A brief history of abortion in Northern Ireland

As the results of the referendum to repeal the 8th Amendment to the Constitution were being announced at the count centre in Dublin Castle, Sinn Féin leaders Mary Lou McDonald and Michelle O’Neill held up a homemade sign that simply said ‘The North Is Next’. This was referring to the fact that abortion was still largely illegal in the north, and that the sights of pro-choice campaigners were firmly set on liberalising abortion law there. 

Historically, abortion has been largely illegal in the north on the basis of two laws:

Offences Against the Person Act 1861 (which made it a crime to procure a miscarriage)

Criminal Justice Act (Northern Ireland) 1945 (which made an exception to the crime of ‘child destruction’ where an abortion was carried out ‘in good faith for the purpose only of preserving the life of the mother’)

Following the suspension of the Northern Irish Parliament in 1972, ‘direct rule’ from Westminster governed the north. Following the devolution of justice and policing matters, it was only in 2010 that abortion became a devolved issue – meaning that the Assembly once again had power to create its own laws in relation to this sensitive topic. During the years 2010-17, the Assembly overwhelmingly rejected any attempts to change the law on abortion. 

Recent developments

However, as you may have seen in the news, there was no functioning Assembly for three years (2017-20). Thus, the Northern Ireland (Executive Formation etc) Act 2019, was passed by the UK Parliament in Westminster for the primary purpose of extending the powers of the Northern Ireland Secretary of State. 

Significantly, pro-choice Labour Party MP Stella Creasy successfully proposed an amendment to this Northern Ireland Act as it was going through the Westminster Parliament. The amendment (a new section 9) meant that the 2019 Act would decriminalise abortion in the north (by repealing the Offences Against the Person Act 1861) if there was no functioning NI Assembly by 21 October 2019. 

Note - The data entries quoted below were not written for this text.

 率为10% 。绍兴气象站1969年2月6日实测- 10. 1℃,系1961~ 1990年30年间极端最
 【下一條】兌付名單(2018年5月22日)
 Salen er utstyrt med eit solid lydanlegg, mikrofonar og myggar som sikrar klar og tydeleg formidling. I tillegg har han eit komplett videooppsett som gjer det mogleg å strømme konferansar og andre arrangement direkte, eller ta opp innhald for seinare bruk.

The Assembly was not functioning by that date, and abortion was largely decriminalised then.

Additionally, Creasy’s amendment also required that the Secretary of State for Northern Ireland introduce regulations to govern the provision of abortion in the north by 31 March 2020. 

The process by which these regulations were created has been controversial:

–In the public consultation ahead of creating the regulations, 79% of all respondents opposed any change to the law in Northern Ireland. 

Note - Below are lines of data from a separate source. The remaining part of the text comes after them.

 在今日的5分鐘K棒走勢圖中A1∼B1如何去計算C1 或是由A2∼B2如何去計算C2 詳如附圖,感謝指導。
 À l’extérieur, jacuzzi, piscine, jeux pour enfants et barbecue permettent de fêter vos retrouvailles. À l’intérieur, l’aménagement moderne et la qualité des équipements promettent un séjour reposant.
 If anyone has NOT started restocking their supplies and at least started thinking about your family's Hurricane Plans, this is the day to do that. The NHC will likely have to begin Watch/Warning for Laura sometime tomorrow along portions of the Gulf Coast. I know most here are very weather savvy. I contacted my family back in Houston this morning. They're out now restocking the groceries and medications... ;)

–The Attorney General for Northern Ireland, John Larkin QC, believes that the Secretary of State acted beyond his powers in introducing these regulations.  

–A House of Lords report had criticised the way in which these regulations were formed. 

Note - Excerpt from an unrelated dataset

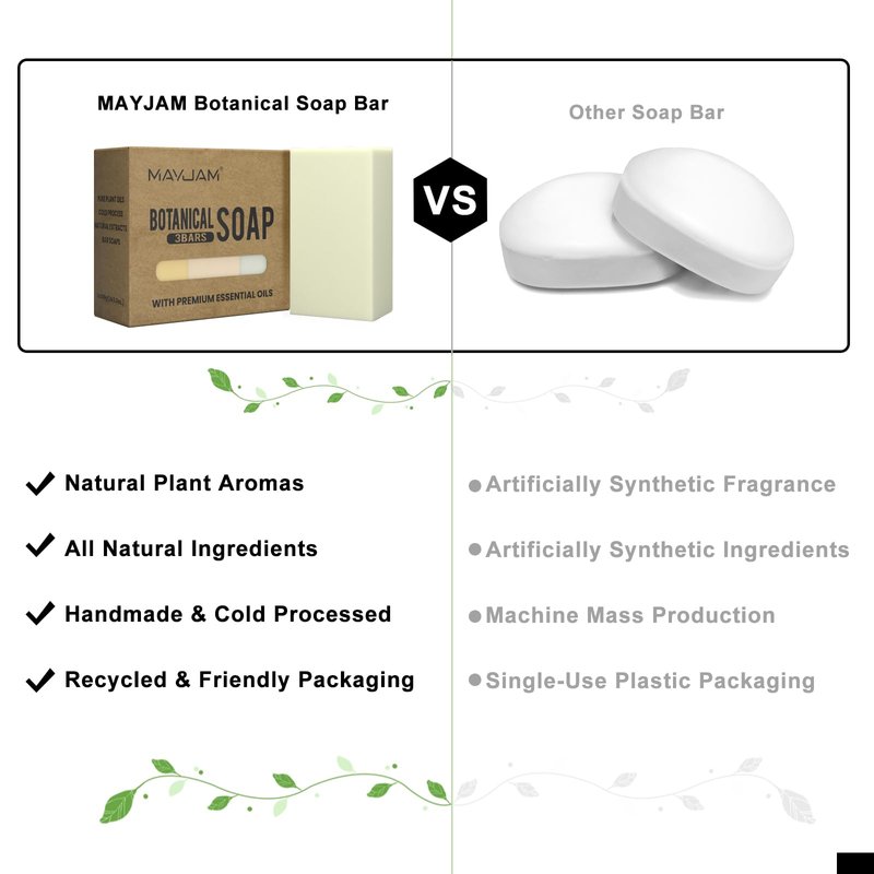 - Cold Process: MAYJAM bar soap has passed FDA certification.Made by hand using 100% plant based and all natural ingredientsand chemical-free, toxic-free.Great for the environment No wasteful body wash plastic to get rid of Leaves body squeaky clean

The regulations (which mirror the worst elements of the Irish and UK abortion legislation) were announced on 25 March 2020, and have technically been in operation since 31 March 2020. 

The most disturbing elements of the regulations allow for abortion:

– up to birth in the case of any disability, and

– up to twelve weeks for any reason whatsoever.

Vote on Tuesday 2 June 2020

However, in a signifiant move, celebrated disability rights activist Heidi Crowter, who herself has Down’s Syndrome, publicly called on all MLAs to reject the parts of the new regulations which permit abortion for all non-fatal disabilities up to birth. Following this intervention, a number of MLAs secured an Assembly debate and symbolic vote on Tuesday 2 June, on a motion which welcomes Heidi’s intervention, and rejects abortion for non-fatal disabilities. 

Subsequently, Sinn Féin tabled an amendment to the original motion, rejecting the wording of the regulations in relation to abortion for non-fatal disabilities, but which leaves open the possibility for abortions for ‘fatal’ disabilities.

Whilst the vote is largely symbolic, it has the potential to send a critical message to Westminster MPs, and may mean that the regulations will still be amended, or better still, that Section 9 of the 2019 Act will be repealed. We live in hope.